- **WHAT YOU ARE ASKED TO DO**:
A word-for-word copy of the data is what's wanted, with no pictures.

**** DATA TO EXAMINE ****

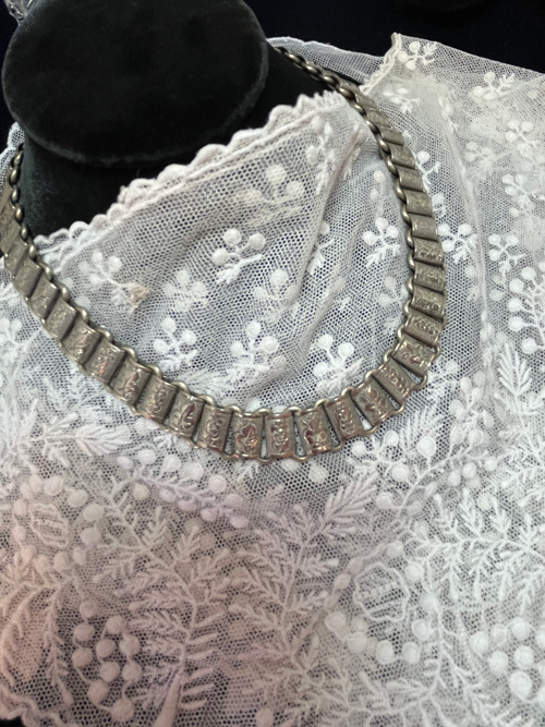 タートルネックのニットなどにもアンティークならではの素敵なアクセントを付けてくれますよ。
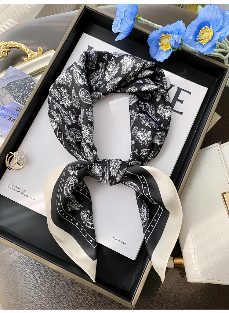 여성을위한 고급 한국 스타일 작은 사각형 스카프 2025 새로운 캐슈 꽃 스카프 여성 목 액세서리 넥 스트랩 장식
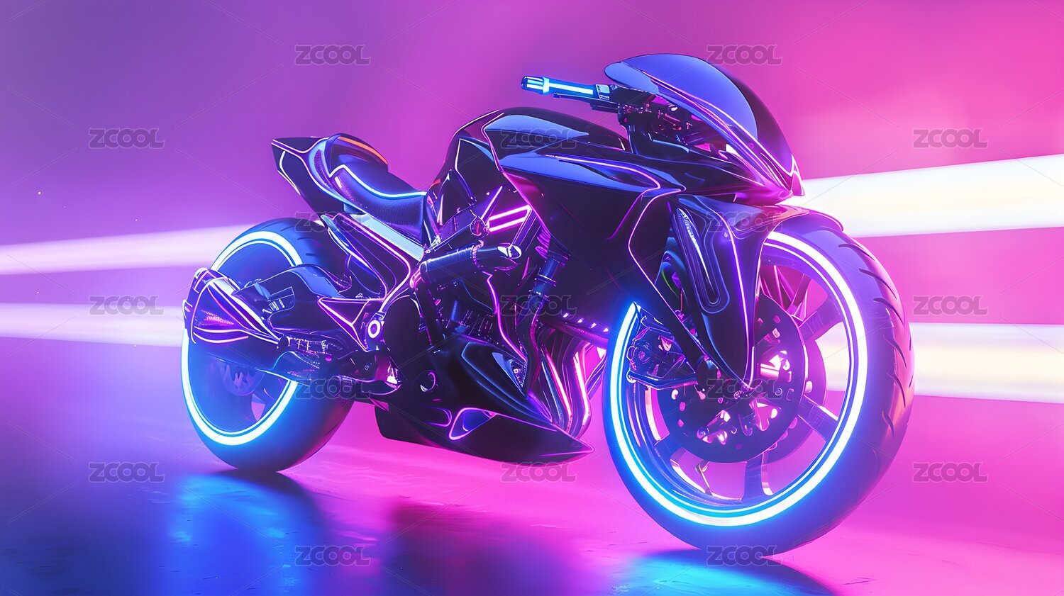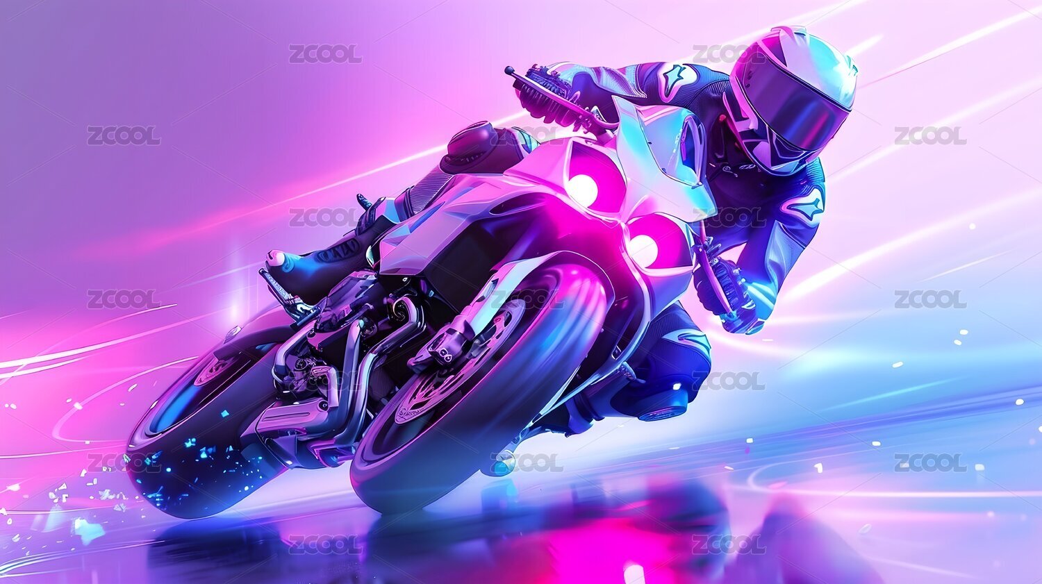 一个骑手骑着科技感摩托车在霓虹灯中行驶
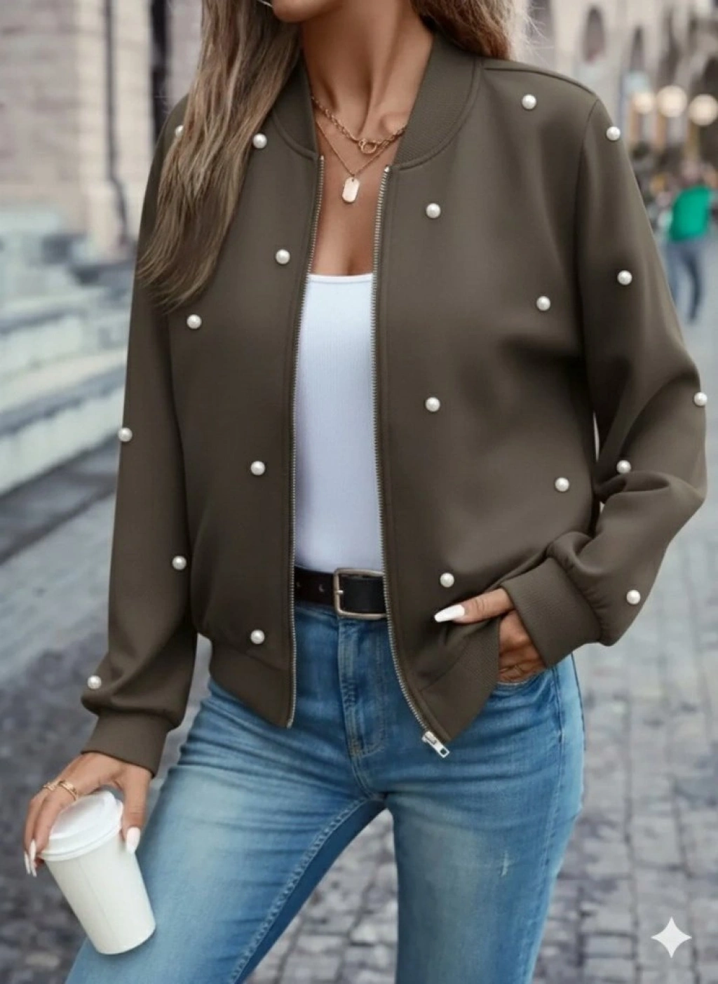Kadın Uzun Kollu önden Fermuarlı Incili Kısa Modal Ceket
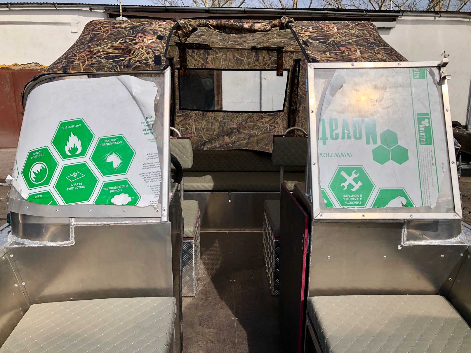 - Ветровое стекло из «е» образного алюминиевого профиля
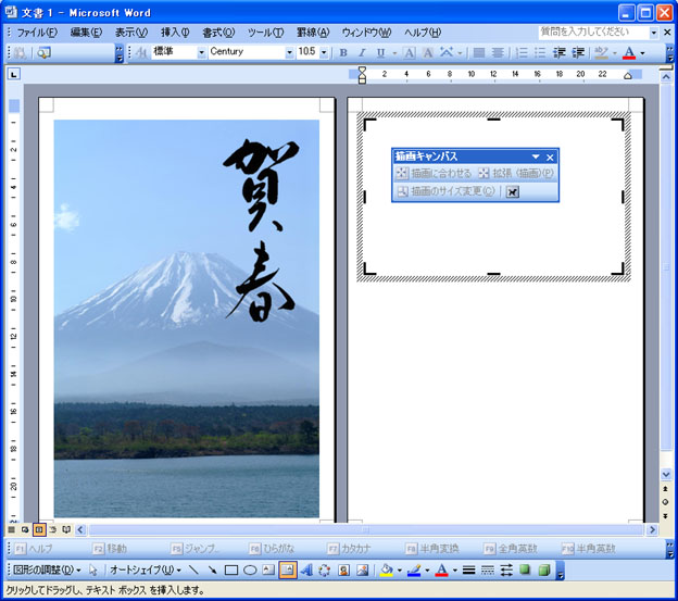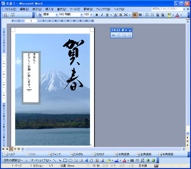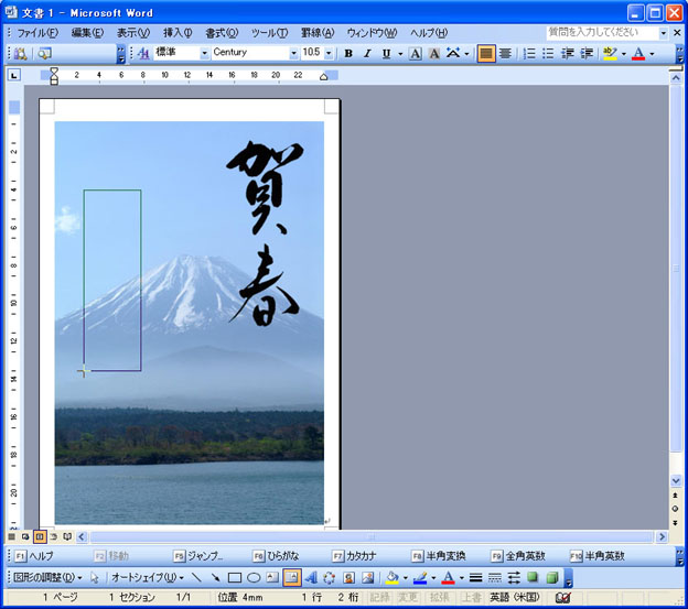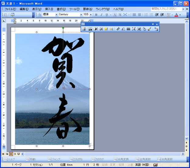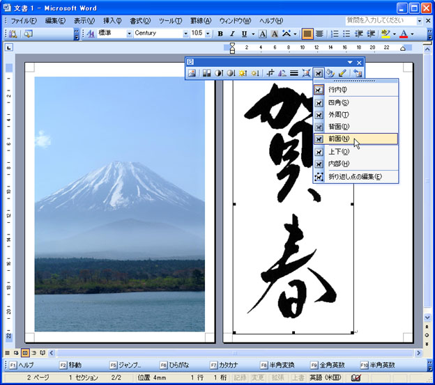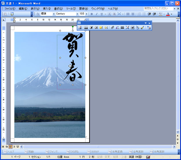 イラスト素材を選択して、「図」ツールバーの[テキストの折り返し]ボタンをクリックし、[前面(N)]を選択します。![]() |

****

- **OUTPUT OF THE TASK**:
 タートルネックのニットなどにもアンティークならではの素敵なアクセントを付けてくれますよ。
 여성을위한 고급 한국 스타일 작은 사각형 스카프 2025 새로운 캐슈 꽃 스카프 여성 목 액세서리 넥 스트랩 장식
 一个骑手骑着科技感摩托车在霓虹灯中行驶
Kadın Uzun Kollu önden Fermuarlı Incili Kısa Modal Ceket
 - Ветровое стекло из «е» образного алюминиевого профиля
 イラスト素材を選択して、「図」ツールバーの[テキストの折り返し]ボタンをクリックし、[前面(N)]を選択します。![]() |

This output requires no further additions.